Current market cap of bitcoin alone is about $63 billion. Market cap of bitcoin cash is about $8 billion. Ethereum comes next at about $25 billion.
Cryptocurrencies is a form of helicopter money
This is money created outside of the system through software. It is equivalent to helicopter money for those who are up to speed with the technology. Although mining bitcoins has become a lot more expensive, the rise in value with respect to established fiat currencies in an exponential fashion has provided high purchasing power to a lot of people that could not obtain it via traditional means of having a job, or starting and operating a business. Helicopter money has the potential of igniting inflation and even hyperinflation under certain conditions.
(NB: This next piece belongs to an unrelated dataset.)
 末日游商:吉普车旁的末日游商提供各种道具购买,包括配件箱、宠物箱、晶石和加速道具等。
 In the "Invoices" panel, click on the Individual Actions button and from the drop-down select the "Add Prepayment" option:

Although it seems that we are not close to that point, wider acceptance of cryptocurrencies in commerce could lead to a surge in inflation.
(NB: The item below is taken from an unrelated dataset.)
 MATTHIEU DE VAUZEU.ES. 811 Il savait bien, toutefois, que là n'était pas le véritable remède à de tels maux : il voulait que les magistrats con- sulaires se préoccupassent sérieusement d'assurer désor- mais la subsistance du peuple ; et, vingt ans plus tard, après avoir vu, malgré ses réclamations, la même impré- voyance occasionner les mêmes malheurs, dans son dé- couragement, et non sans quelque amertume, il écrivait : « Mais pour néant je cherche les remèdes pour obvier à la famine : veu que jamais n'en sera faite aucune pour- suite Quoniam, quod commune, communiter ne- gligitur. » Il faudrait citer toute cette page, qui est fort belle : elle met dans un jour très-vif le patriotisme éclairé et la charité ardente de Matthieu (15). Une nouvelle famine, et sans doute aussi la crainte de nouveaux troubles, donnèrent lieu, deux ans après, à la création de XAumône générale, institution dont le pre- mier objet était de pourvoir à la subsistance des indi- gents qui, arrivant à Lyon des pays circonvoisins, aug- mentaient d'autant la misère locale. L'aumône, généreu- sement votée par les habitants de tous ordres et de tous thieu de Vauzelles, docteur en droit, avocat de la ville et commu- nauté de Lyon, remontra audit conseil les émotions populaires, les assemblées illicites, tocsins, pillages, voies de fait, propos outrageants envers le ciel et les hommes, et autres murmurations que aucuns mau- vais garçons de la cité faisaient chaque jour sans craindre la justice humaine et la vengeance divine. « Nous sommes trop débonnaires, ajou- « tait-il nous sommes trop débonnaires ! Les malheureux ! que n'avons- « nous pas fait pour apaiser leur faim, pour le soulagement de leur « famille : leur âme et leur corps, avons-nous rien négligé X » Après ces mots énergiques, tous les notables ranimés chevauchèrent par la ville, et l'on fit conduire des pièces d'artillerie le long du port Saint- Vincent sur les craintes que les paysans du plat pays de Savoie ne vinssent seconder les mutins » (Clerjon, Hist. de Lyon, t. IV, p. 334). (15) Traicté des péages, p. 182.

The potential of hyperinflation is real
If acceptance of cryptocurrencies for commercial transactions increases, there will be new money supply since no conversion to local currencies will be required. In practical terms, demand for goods will rise due to increased money supply in the form of cryptocurrencies. As a result, prices will also rise. We are talking about new money here that is not controlled by central banks and there is virtually unlimited supply of it. At some point their impact may surpass that of quantitative easing. This could create inflationary pressures and eventually even lead to hyperinflation if there will be no move to contain this phenomenon of using the internet as a tool of money creation, i.e., a money printing machine that only central banks are supposed to possess.
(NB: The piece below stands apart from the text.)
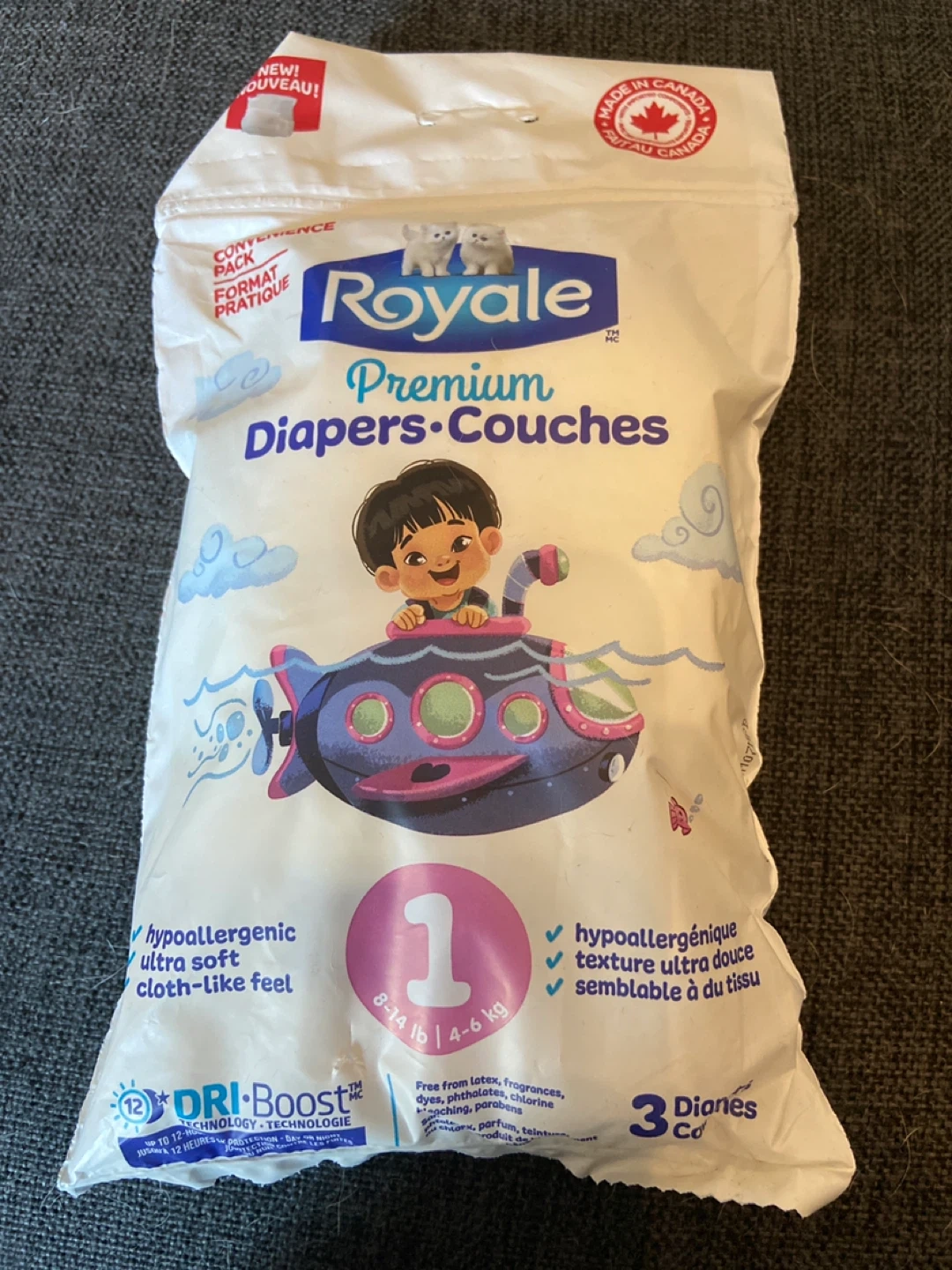 Giving away a 3 pack of Royale Premium Diapers, size 1 (8-14 lbs or 4-6 kg). These diapers have a hypoallergenic, ultra-soft cloth-like feel and are free from latex, fragrances, dyes, phthalates, chlorine bleaching, and parabens. Made in Canada!

In addition, a full scale adoption of cryptocurrencies with a simultaneous abolishment of the reserve currency status of the USD may create imbalances and mispricings in commodities but also in other markets. I do not believe the world has a mechanism in place to deal with a chaotic situation. Central banks and regulators may react to protect economies from a rise in inflation and imbalances caused by this new unlimited virtual money supply. Although the increased demand may initially cause only higher prices, eventually inflation may grow out of control.
Is bitcoin currency?
In order to answer this question let us start with the Coinage Act of 1965, specifically Section 31 U.S.C. 5103, entitled “Legal tender:
United States coins and currency (including Federal reserve notes and circulating notes of Federal reserve banks and national banks) are legal tender for all debts, public charges, taxes, and dues.
But according to U.S. Treasury,
There is, however, no Federal statute mandating that a private business, a person or an organization must accept currency or coins as for payment for goods and/or services. Private businesses are free to develop their own policies on whether or not to accept cash unless there is a State law which says otherwise.
As it turns out then, unless prohibited by law, private commerce can use bitcoin and cryptocurrencies for payment of goods and/or services. Therefore, in this respect cryptocurrencies are currencies but when it comes to paying taxes they are not. This dual status is possibly not sustainable. At some point payment for taxes in cryptocurrencies will have to be accepted and that will undermine the U.S. dollar. Usually, dual currency systems lead to black markets and unstable market conditions. Those who get paid in a weak currency desire to exchange it for a stronger currency as soon as they get it. This further creates upward pressure for the strong currency and serves as a positive feedback mechanism to drive it higher. It boils down to this: if cryptocurrencies gain wide acceptance, a process of replacing mainstream currencies must be put in place fast. Otherwise, authorities will make sure that they do not gain wide acceptance. But if this is done by the authorities, it usually creates backlash in a society that has lost trust in politicians and administrators. This task of undermining cryptocurrencies must be assumed by credible and influential agents.
The answer to the question is then that bitcoin and cryptocurrencies are partly currencies. This is both an advantage but also their disadvantage. The most probable move by regulators worldwide is to declare cryptocurrencies a form of securities, such as stocks. In this case their value will plunge because the expectation was that these virtual currencies will replace fiat currencies.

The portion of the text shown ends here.